Improved substitution matrix for protein sequences
The LG substitution matrix, which incorporates variability of evolutionary rates across sites in the matrix estimation was shown to outperform other substitutions matrices for proteins (21). The LG matrix was added to Rate4Site and is offered in the new version of ConSurf in addition to the previous substitution models: JTT (22), Dayhoff (23), WAG (24), mtREV (25) and cpREV (26).
Improved selection of homologous proteins
The accuracy of conservation scores is directly influenced by the amount and quality of sequence data available in the MSA and the relatedness between the homologous sequences themselves and the sequence of interest. For example, using homologous sequences with different functions might blur the signal. One of the important changes in the new version of ConSurf is the addition of a clear and intuitive interface that helps controlling which of the sequences are included in the analysis. These improvements include:
- A variety of sequence databases. The server offers the user the option to search for relevant sequences in several automatically updated sequence databases including: (i) SWISS-PROT (default) (27); (ii) A filtered version of the uniprot database (28); (iii) uniprot (29) (iv) UniRef90 in which redundant sequences were removed at level of 90% identity (30); (v) the NCBI non-redundant (nr) database.
- Manual selection of sequences for the analysis.

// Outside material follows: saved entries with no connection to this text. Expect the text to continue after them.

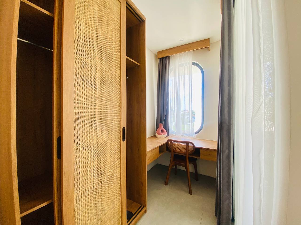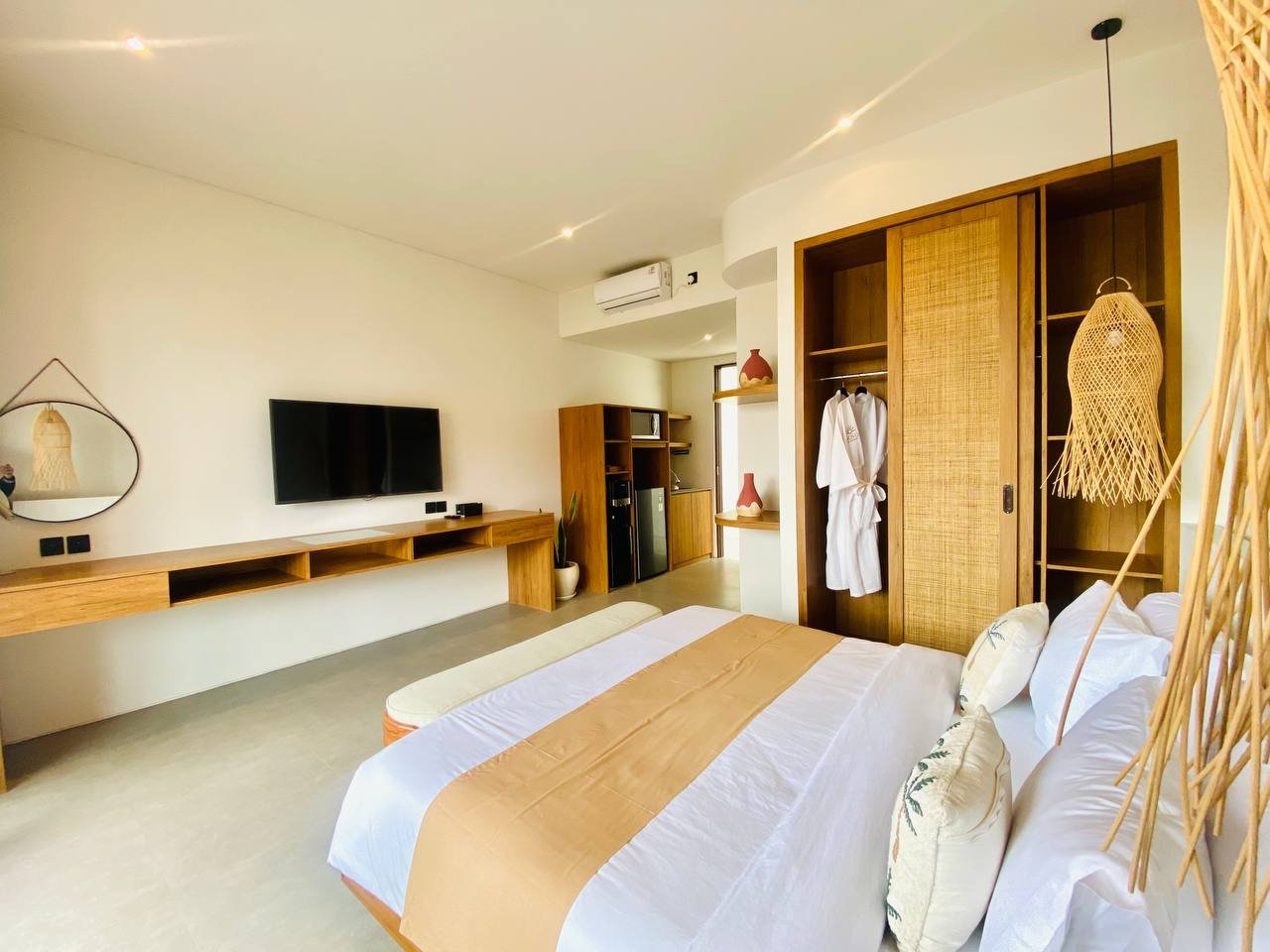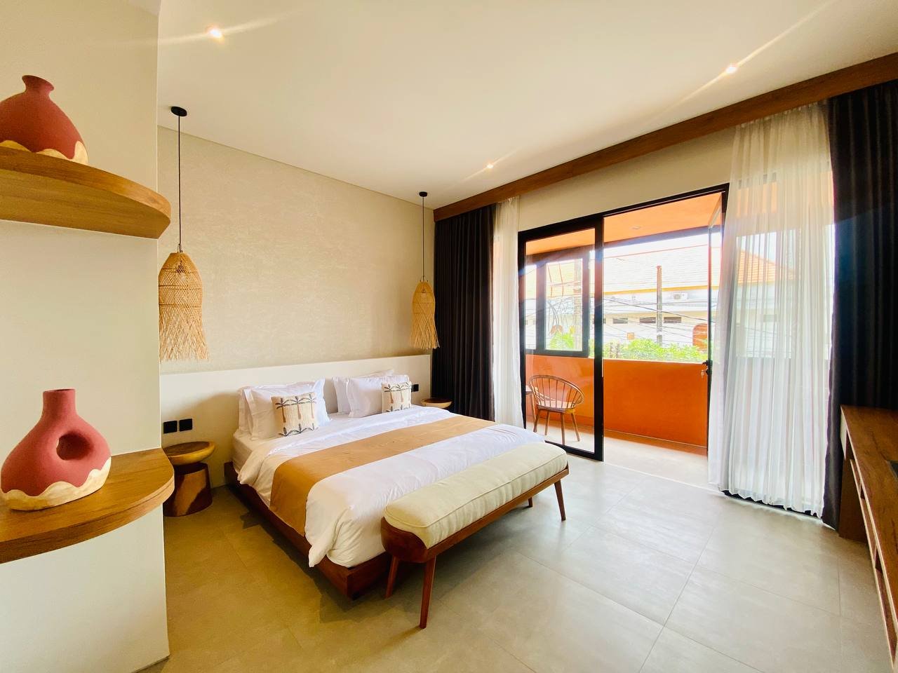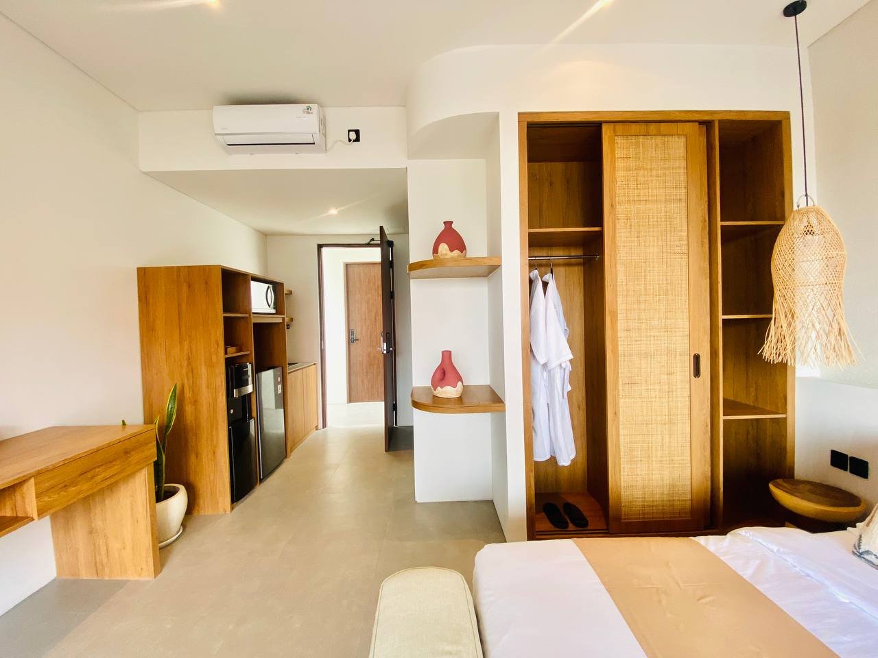 This studio apartment building, available for yearly rent, is located in the Pererenan Sempol area and is ready for immediate occupancy. It features a unique Maroccan-style design and is surrounded by popular spots like obsidian, day by day caffe, and elite fit. There are seven studio units situated on the third floor: four units offer a street view, and three units overlook the pool. Residents benefit from shared facilities including a shared washing machine on the second floor, a shared living room on the third floor, a shared pool on the ground floor, and a shared cooking area on the first floor.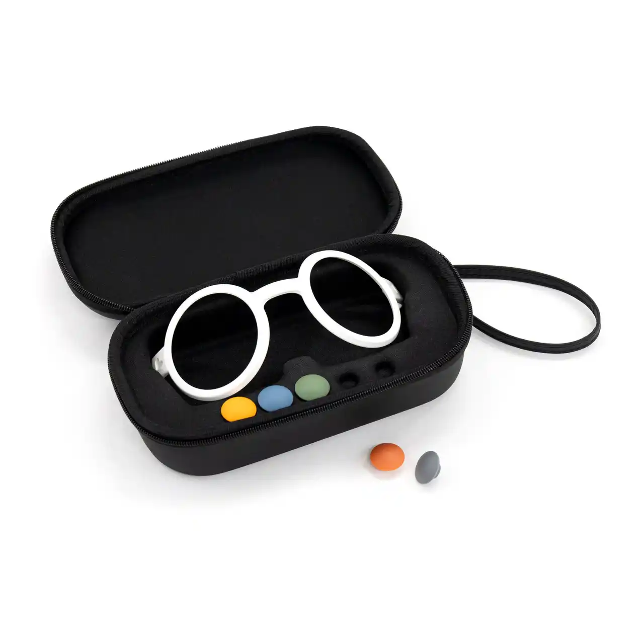 お出かけ先でも『LOVOT』のおしゃれを楽しみたい、そんな願いを叶える専用ケース。『LOVOT』のめがね1つと、らぼはな5つをまとめて持ち運べる便利なアイテムです。シンプルでおしゃれなケースが、大切なアクセサリーを衝撃や汚れから守ります。 |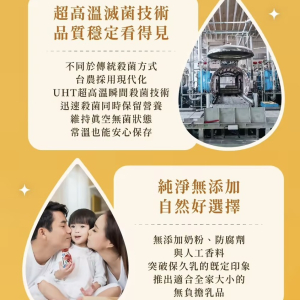 100%生乳,最濃純香的選擇,品嘗原始好滋味台農採用現代化 超高溫殺菌技術 殺菌同時保留營養無添加奶粉 防腐劑與人工香料 適合全家大小的無負擔飲品可常溫保存,是家中常備保久乳的好選擇 孩子們想喝隨時喝!補充營養麥芽風味:嚴選麥芽粉搭配香濃牛乳,獨特麥芽香氣,是特殊風味乳中,無可取代的好滋味!

After searching for homologous sequences, the user can manually select the relevant sequences to be included in the analysis using a simple form that provides all the relevant data for the sequences found and links to external web resources.

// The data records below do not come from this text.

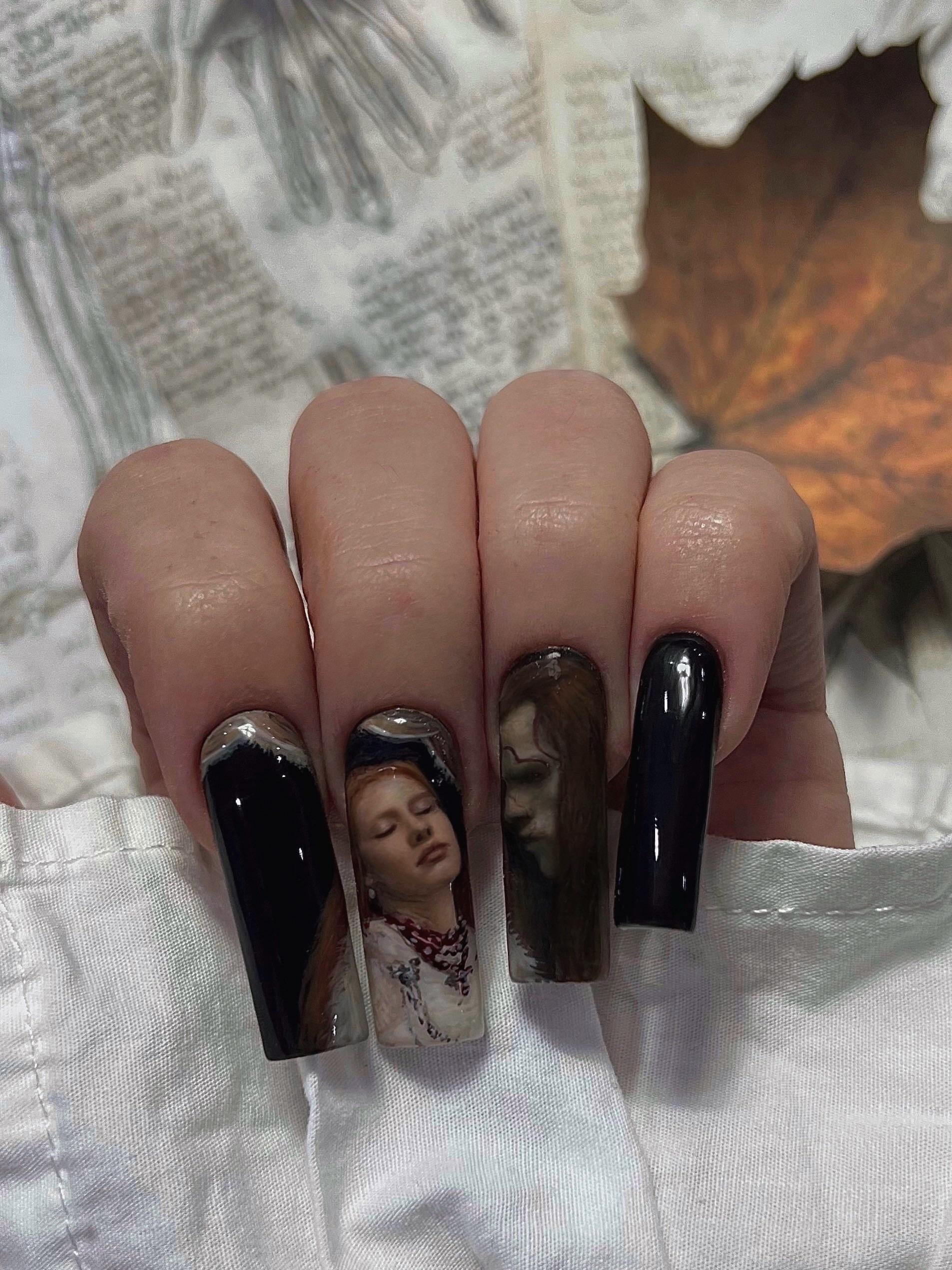 I hand painted Frankenstein on my nails ✨ (painted with gel polish)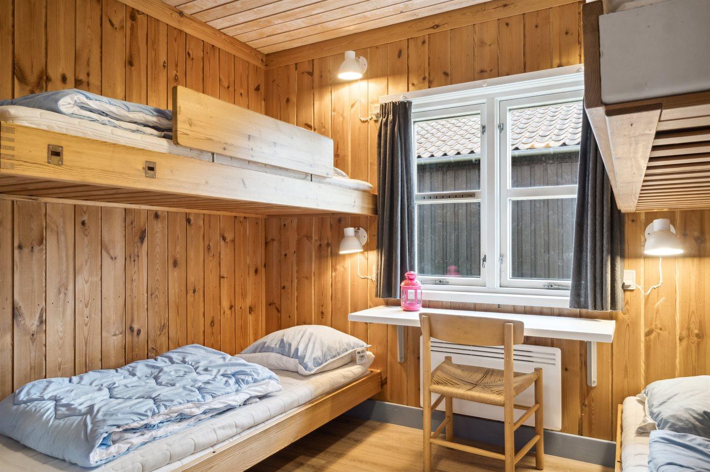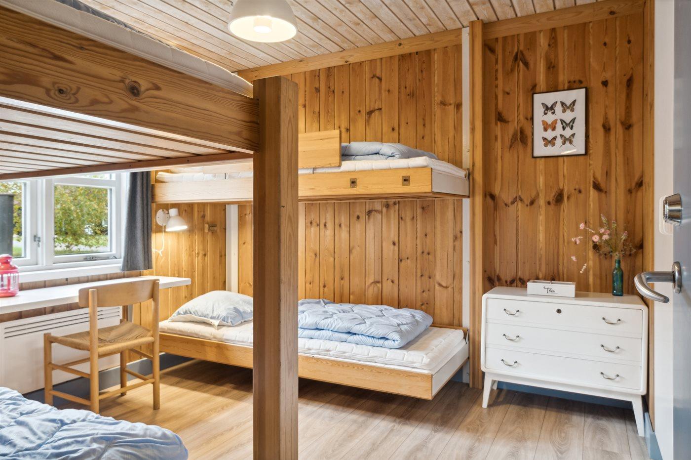 Die Schlafplätze verteilen sich auf 2 Schlafräume. 2 Schlafplätze in einem Doppelbett. 4 Schlafplätze in Etagenbetten.
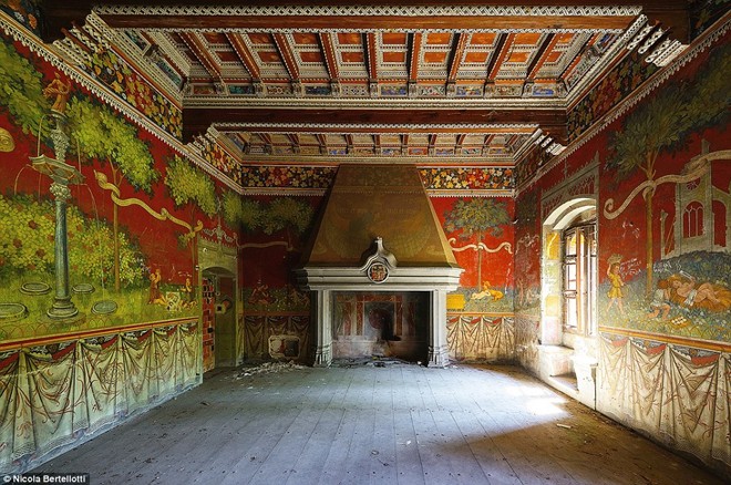 | Những bức tranh vẫn còn khá mới, như chưa bị thời gian tàn phá, nhưng những công trình kiến trúc lại đang dần đổ nát xung quanh chúng. Ảnh chụp bên trong một tòa lâu đài cổ ở Italy. |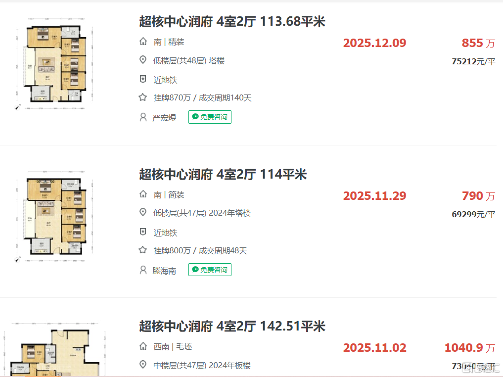 去年11月成交一套114平户型,总价约790万,12月成交一套约113.68平户型,总价约855万。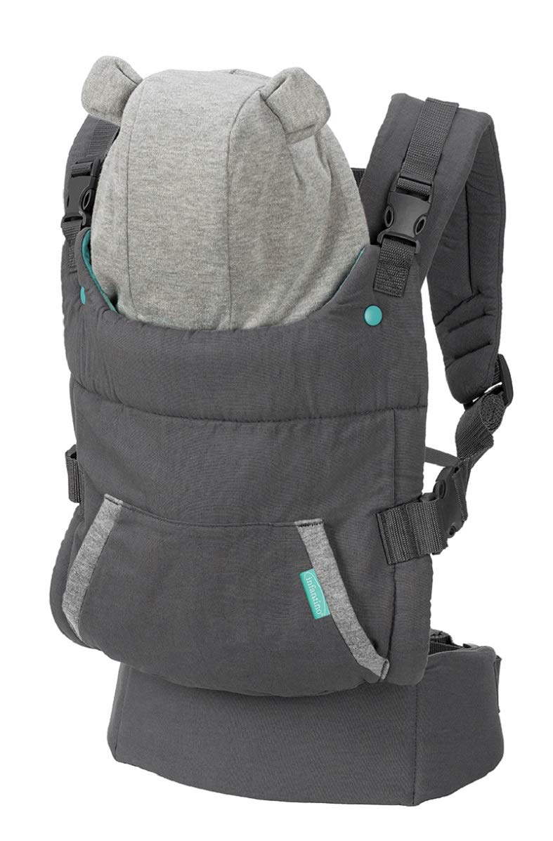 Infantino Cuddle Up Ergonomic Hooded Carrier Adjustable: Yes Color: Grey Weight Limit: 12-40 lbs Closure type: Full-buckle closure Materials: Cotton and polyester Dimensions: (HxWxD) 18 x 14 x 1 Inches Weight: 1lbs Care and Cleaning: Machine Wash Warning: Failure to follow the manufacturer’s instructions can result in death or serious injury. Read all instructions before assembling and using your carrier. Keep instructions and review them before attempt- ing new carrying positions. Carrier is not meant to be used for baby facing out. Always keep one hand on baby while adjusting carrier. Never use when balance or mobility is impaired. Fall and Suffocation Hazard Fall Hazard: Infants can fall through wide leg opening or out of carrier. Adjust leg openings to fit babies legs snugly Before each use, make sure all knots and fasteners are secure Never bend at waist, bend at knees Only use carrier for babies between 12 lbs and 40 lbs Suffocation Hazard: Infants under 4 months can suffocate in this product if face is pressed tight against your body. Do not strap infant too tight against your body Allow room for head movement Keep infant’s face free from obstructions at all times Care Instructions: Machine wash cold, separately, on gentle cycle with mild detergent. Do not bleach. Wipe clean with cloth or sponge between machine washings. Drip dry only. Do not iron.

- Removing redundant sequences. The user can specify the level of redundant sequences for removal. The sequences found are clustered by their level of identity using CD-HIT (8) and the cutoff specified by the user (default level is 95% identity). Only one sequence (the longest) from each cluster is used for the analysis.
- Automatic removal of remote homologues. The user can control the level of sequence identity for which a hit sequence is still considered a homologue. Filtration according to the sequence identity between the sequences found and the sequence of interest enables the user to filter out sequences that share significant alignment with the protein of interest, however, might have different function or structure. The default level is set to 35% identity, which is the upper bound of the ‘twilight zone’ for protein structures (31).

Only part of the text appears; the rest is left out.